Why compare when you can just count?
- 2 minutes read - 414 wordsThe Bucket Sort algorithm
LC75 - example of Sorting Colors
The problem statement is as below.
Given an array nums with n objects colored red, white, or blue, sort them in-place so that objects of the same color
are adjacent, with the colors in the order red, white, and blue.
We will use the integers 0, 1, and 2 to represent the color red, white, and blue, respectively.
You must solve this problem without using the library's sort function.
class Solution:
def sortColors(self, nums: List[int]) -> None:
"""
Do not return anything, modify nums in-place instead.
"""
# bucket sort
value_range = 3 #red, white or blue
counts = [0] * value_range
for i, n in enumerate(nums):
counts[n] += 1
i = 0
for value, freq in enumerate(counts):
print(value, freq)
for _ in range(freq):
nums[i] = value
i += 1
Quick rundown
The bucket sort algorithm relies on the fact that values belong to a known range. In this example it is [0,2] ∈ Z.
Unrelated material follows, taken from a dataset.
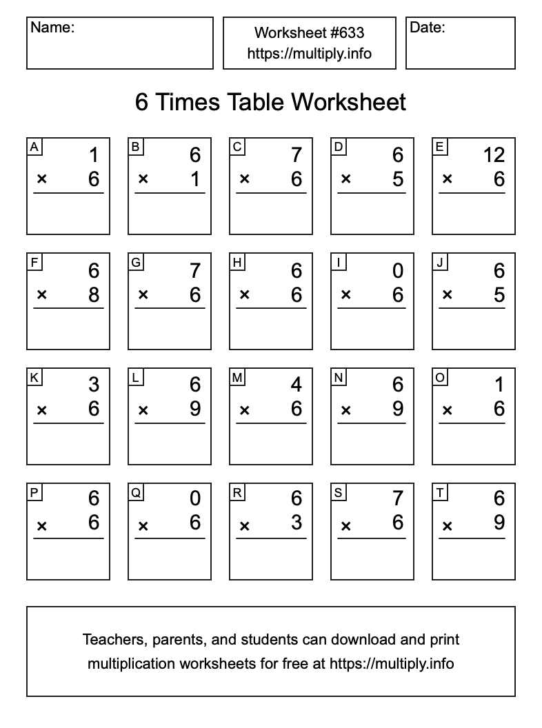 Here is the 6 Times Table Worksheet #633. This worksheet contains problems related to the multiplication table of 6. Print and/or save the worksheet using the buttons below the image. You can also drag or right-click on the image to download it to your device.

The input arrays have already been prepared, by encoding categorical values into numerical ones. The same
thing could be said about a different numerical range where the start of range is re-indexed or shifted back to 0.
Given the value range is known, the bucket sort algorithm simply counts frequency of apparition of each value. From there, iterating over the range in ascending or descending order provides the values in an ordered fashion. Those values are inserted as many times as they appear in the initial array by using the frequency.
This yields a quite simple algorithm where no comparison is ever done.
Even with the nested loop, the time complexity is left to O(n) where
n is the array length given the known range is usually small.
I see you sitting at the back with your hand raised, and yes, you’re right! Technically, we could consider a bucket sort on an integer range of [-223, 232] but this range is way too large and defies the purpose of this algorithm. In fact, it is not recommended to use bucket sort for extremely large ranges as there will be no benefits in using a frequency-based sorting algorithm.
This sorting algorithm is considered unstable - in case of a tie between two values, it does not keep any track of which one came first, as shown above. This could be made stable in different conditions - for instance by inserting the elements in a linked list instead of counting them.